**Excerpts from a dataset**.
▼▼▼

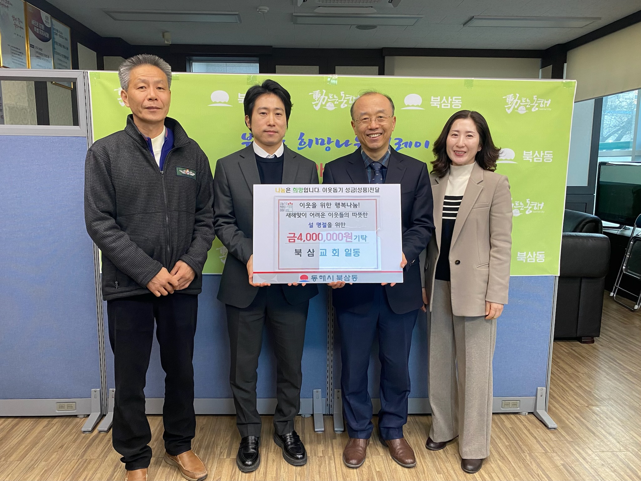북삼교회(담임목사 박권규)는 동해시 북삼동행정복지센터를 방문하여 설 명절 맞이 나눔을 위한 성금 400만 원을 기탁하였다.
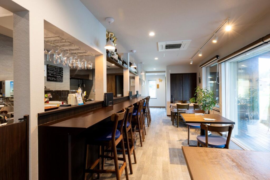 大きなテラス窓が景色を取り込む開放的な店内。3つのテーブル席に加えカウンター席も備えています。
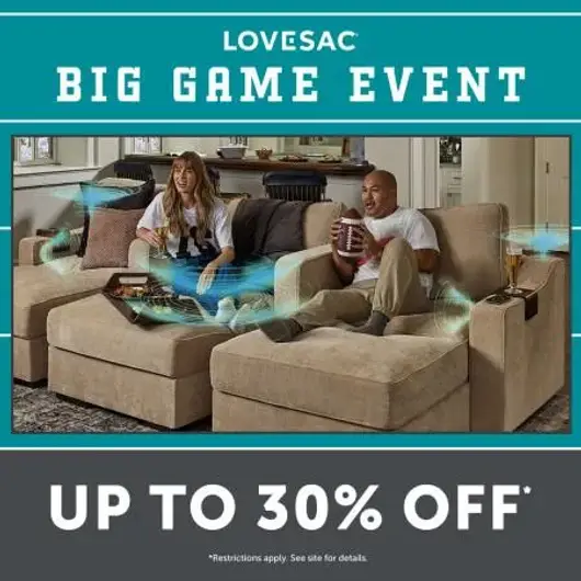 More action. More people. More snacks. One couch that adapts to all of it. Sactionals were made for long game days, long seasons, and to be long-lasting. Stop by the Lovesac showroom to get up to 30% off before it's gone
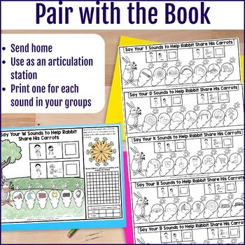 Too Many Carrots articulation worksheets are perfect to pair with the book in your articulation therapy sessions. It’s the perfect spring speech therapy worksheet set for practicing any speech sound at the word- or sentence-level. You can use the speech therapy homework sheets in the initial, medial, final, and mixed positions for the sounds p, b, t, d, k, g, f, v, s, z, sh, ch, j, l, th, and r for less stress with speech therapy planning.
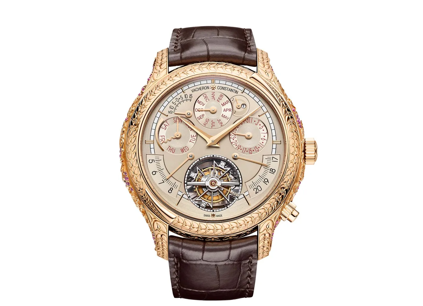 The new watch takes inspiration from the Roman god Bacchus who was the god of vines and wine. Presumably then, this watch will be sold as the Vacheron Constantin Les Cabinotiers Grande Complication Bacchus everywhere except Greece where Bacchus will be replaced by Dionysus, who knows. What we do know is that there’s no surface of this watch that has not got texture to it. The main attraction is the solid 18k pink gold case which, let’s not mess around here, blows that reversing watch from Patek Philippe into the weeds. The sides of the case feature an attractive grapevine motif with rubies expertly set to represent the grape bunches on the vines. There’s also engravings of vines between the lugs, on the lugs and around the bezel. While the engravings on the side of the watch will doubtlessly draw the most attention, the engravings on the bezel and lugs actually represented the largest challenge. As the vines take up the entire width of the bezel, there are no guidelines to help the engraver, one small slip up and they’re re-doing the entire thing. This vine garland motif is also carried onto the folding clasp or pin buckle, presumably these are both included.
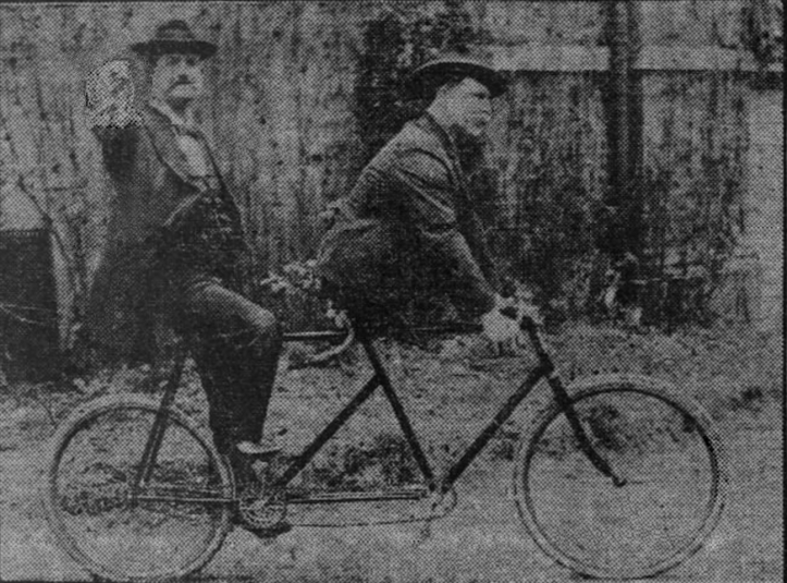 Charles Trippe (left) and Eli Bowen (right) on a tandem bicycle. Charles has an animal perched on his shoulder. Maybe a kitten?
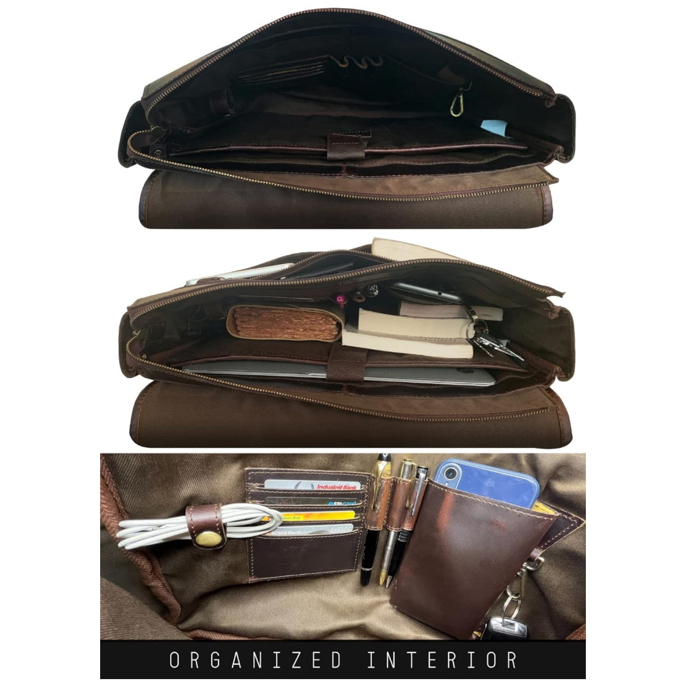 TERNOS PARA NEGÓCIOS OU CASUAIS … tem aquele estilo de mensageiro de couro difícil de conseguir enquanto é urbano e moderno com fivelas e acessórios de latão, forro e costura resistentes e zíperes YKK
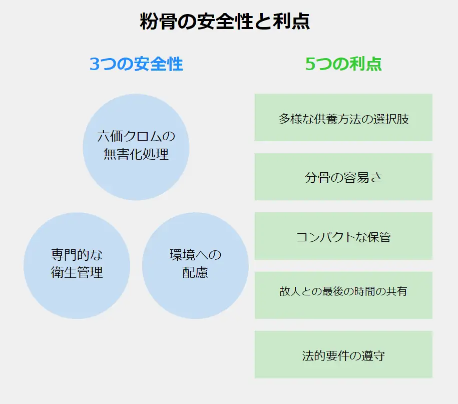 粉骨は、安全性の向上と環境への配慮を両立させる重要な処理です。専門業者による適切な粉骨を行うことで、故人の尊厳を守りつつ、遺族の安全と環境保護にも貢献できます。
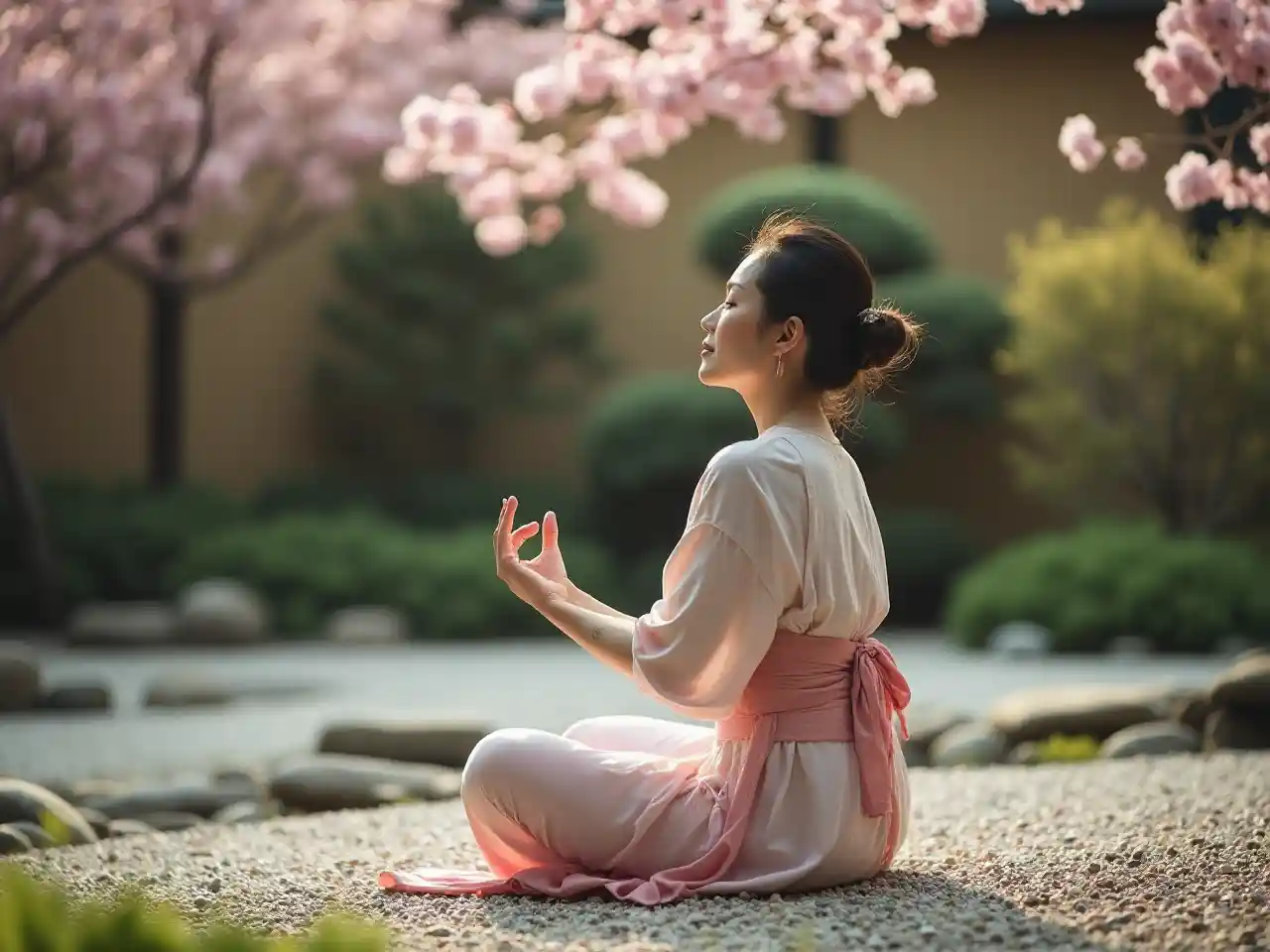 ਇੱਕ 40 ਸਾਲ ਦੀ ਚਮਕਦਾਰ ਏਸ਼ੀਆਈ ਔਰਤ ਇੱਕ ਜ਼ੈਨ ਬਾਗ਼ ਵਿੱਚ ਮਨਨ ਕਰਦੀ ਹੈ, ਉਸ ਦੀ ਲਹਿਰੀ ਕਿਮੋਨੋ ਸ਼ੈਲੀ ਦਾ ਕੱਪੜਾ ਉਸ ਦੀ ਸ਼ਾਨ ਨੂੰ ਉਜਾਗਰ ਕਰਦਾ ਹੈ, ਜਿਸ ਵਿੱਚ ਸਫਾਈ ਕੀਤੀ ਗਈ ਗੰਧ ਅਤੇ ਚੈਰੀ ਦੇ ਫੁੱਲ ਹਨ।
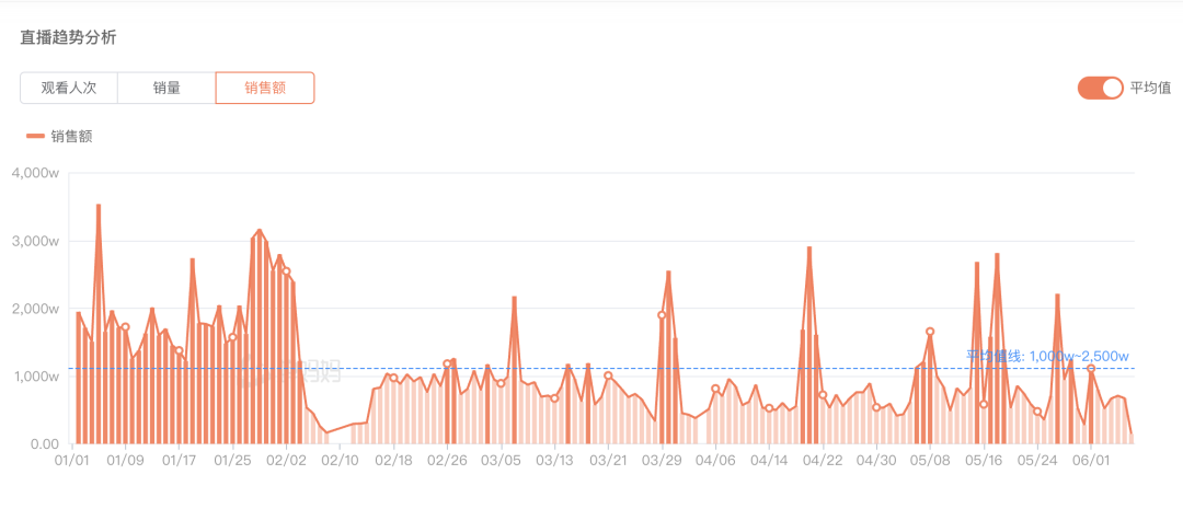 能夠讓俞敏洪不顧影響,在眾目睽睽的直播間里親口批評“亂七八糟”,東方甄選的直播間一點也不冤。驚蟄研究所從第三方數(shù)據(jù)平臺“蟬媽媽”獲悉,自2月4日起,東方甄選直播間的單日銷售額出現(xiàn)明顯下降,且大多數(shù)情況下低于其今年以來(2024年1月1日-6月7日)1000萬元-2500萬元的平均值。

▲▲▲

**Prompt**.
Your answer must be an exact copy of the lines above, from the line that contains "粉骨は、安全性の向上と環境へ" through the final line, with no pictures in it.

**Solution to this problem**.
 粉骨は、安全性の向上と環境への配慮を両立させる重要な処理です。専門業者による適切な粉骨を行うことで、故人の尊厳を守りつつ、遺族の安全と環境保護にも貢献できます。
 ਇੱਕ 40 ਸਾਲ ਦੀ ਚਮਕਦਾਰ ਏਸ਼ੀਆਈ ਔਰਤ ਇੱਕ ਜ਼ੈਨ ਬਾਗ਼ ਵਿੱਚ ਮਨਨ ਕਰਦੀ ਹੈ, ਉਸ ਦੀ ਲਹਿਰੀ ਕਿਮੋਨੋ ਸ਼ੈਲੀ ਦਾ ਕੱਪੜਾ ਉਸ ਦੀ ਸ਼ਾਨ ਨੂੰ ਉਜਾਗਰ ਕਰਦਾ ਹੈ, ਜਿਸ ਵਿੱਚ ਸਫਾਈ ਕੀਤੀ ਗਈ ਗੰਧ ਅਤੇ ਚੈਰੀ ਦੇ ਫੁੱਲ ਹਨ।
 能夠讓俞敏洪不顧影響,在眾目睽睽的直播間里親口批評“亂七八糟”,東方甄選的直播間一點也不冤。驚蟄研究所從第三方數(shù)據(jù)平臺“蟬媽媽”獲悉,自2月4日起,東方甄選直播間的單日銷售額出現(xiàn)明顯下降,且大多數(shù)情況下低于其今年以來(2024年1月1日-6月7日)1000萬元-2500萬元的平均值。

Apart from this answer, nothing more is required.